Difference between defining typing.Dict and dict?

I am practicing using type hints in Python 3.5. One of my colleague uses typing.Dict:

import typing


def change_bandwidths(new_bandwidths: typing.Dict,
                      user_id: int,
                      user_name: str) -> bool:
    print(new_bandwidths, user_id, user_name)
    return False


def my_change_bandwidths(new_bandwidths: dict,
                         user_id: int,
                         user_name: str) ->bool:
    print(new_bandwidths, user_id, user_name)
    return True


def main():
    my_id, my_name = 23, "Tiras"
    simple_dict = {"Hello": "Moon"}
    change_bandwidths(simple_dict, my_id, my_name)
    new_dict = {"new": "energy source"}
    my_change_bandwidths(new_dict, my_id, my_name)

if __name__ == "__main__":
    main()

Both of them work just fine, there doesn't appear to be a difference.
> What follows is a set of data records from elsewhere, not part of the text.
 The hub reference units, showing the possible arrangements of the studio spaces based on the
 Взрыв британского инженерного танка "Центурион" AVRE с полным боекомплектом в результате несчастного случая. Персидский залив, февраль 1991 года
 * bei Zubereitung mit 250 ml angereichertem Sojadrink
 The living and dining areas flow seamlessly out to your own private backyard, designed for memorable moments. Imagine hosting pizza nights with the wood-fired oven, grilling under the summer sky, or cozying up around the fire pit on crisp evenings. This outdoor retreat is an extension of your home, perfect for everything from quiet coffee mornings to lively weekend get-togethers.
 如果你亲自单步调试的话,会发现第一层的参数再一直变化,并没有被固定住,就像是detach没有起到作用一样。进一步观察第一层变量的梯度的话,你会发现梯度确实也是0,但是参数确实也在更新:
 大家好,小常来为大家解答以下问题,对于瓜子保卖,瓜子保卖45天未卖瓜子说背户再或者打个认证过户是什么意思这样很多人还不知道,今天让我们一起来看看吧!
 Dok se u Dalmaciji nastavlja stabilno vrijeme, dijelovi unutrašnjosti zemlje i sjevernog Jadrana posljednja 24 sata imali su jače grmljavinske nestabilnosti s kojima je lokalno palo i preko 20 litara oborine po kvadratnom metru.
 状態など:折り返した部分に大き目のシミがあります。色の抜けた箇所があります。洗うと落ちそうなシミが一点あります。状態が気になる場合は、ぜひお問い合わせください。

I have read the typing module documentation.

Between typing.Dict or dict which one should I use in the program?

There is no real difference between using a plain typing.Dict and dict, no.

However, typing.Dict is a Generic type ^* that lets you specify the type of the keys and values too, making it more flexible:

def change_bandwidths(new_bandwidths: typing.Dict[str, str],
                      user_id: int,
                      user_name: str) -> bool:

As such, it could well be that at some point in your project lifetime you want to define the dictionary argument a little more precisely, at which point expanding typing.Dict to typing.Dict[key_type, value_type] is a 'smaller' change than replacing dict.

You can make this even more generic by using Mapping or MutableMapping types here; since your function doesn't need to alter the mapping, I'd stick with Mapping. A dict is one mapping, but you could create other objects that also satisfy the mapping interface, and your function might well still work with those:

def change_bandwidths(new_bandwidths: typing.Mapping[str, str],
                      user_id: int,
                      user_name: str) -> bool:

Now you are clearly telling other users of this function that your code won't actually alter the new_bandwidths mapping passed in.

Your actual implementation is merely expecting an object that is printable. That may be a test implementation, but as it stands your code would continue to work if you used new_bandwidths: typing.Any, because any object in Python is printable.

---

^*: Note: If you are using Python 3.7 or newer, you can use dict as a generic type if you start your module with from __future__ import annotations, and as of Python 3.9, dict (as well as other standard containers) supports being used as generic type even without that directive.

typing.Dict is a generic version of dict:

> class typing.Dict(dict, MutableMapping[KT, VT])

> A generic version of dict. The usage of this type is as follows:

> def get_position_in_index(word_list: Dict[str, int], word: str) -> int: return word_list[word]

Here you can specify the type of key and values in the dict: Dict[str, int]

as said in python org:

> class typing.Dict(dict, MutableMapping[KT, VT])

> A generic version of dict. Useful for annotating return types. To > annotate arguments it is preferred to use an abstract collection type > such as Mapping.

This type can be used as follows:

def count_words(text: str) -> Dict[str, int]:
    ...

But dict is less general and you will be able to alter the mapping passed in. In fact, in python.Dict you specify more details.

Another tip:

> Deprecated since version 3.9: builtins.dict now supports []. See PEP 585 > and Generic Alias Type.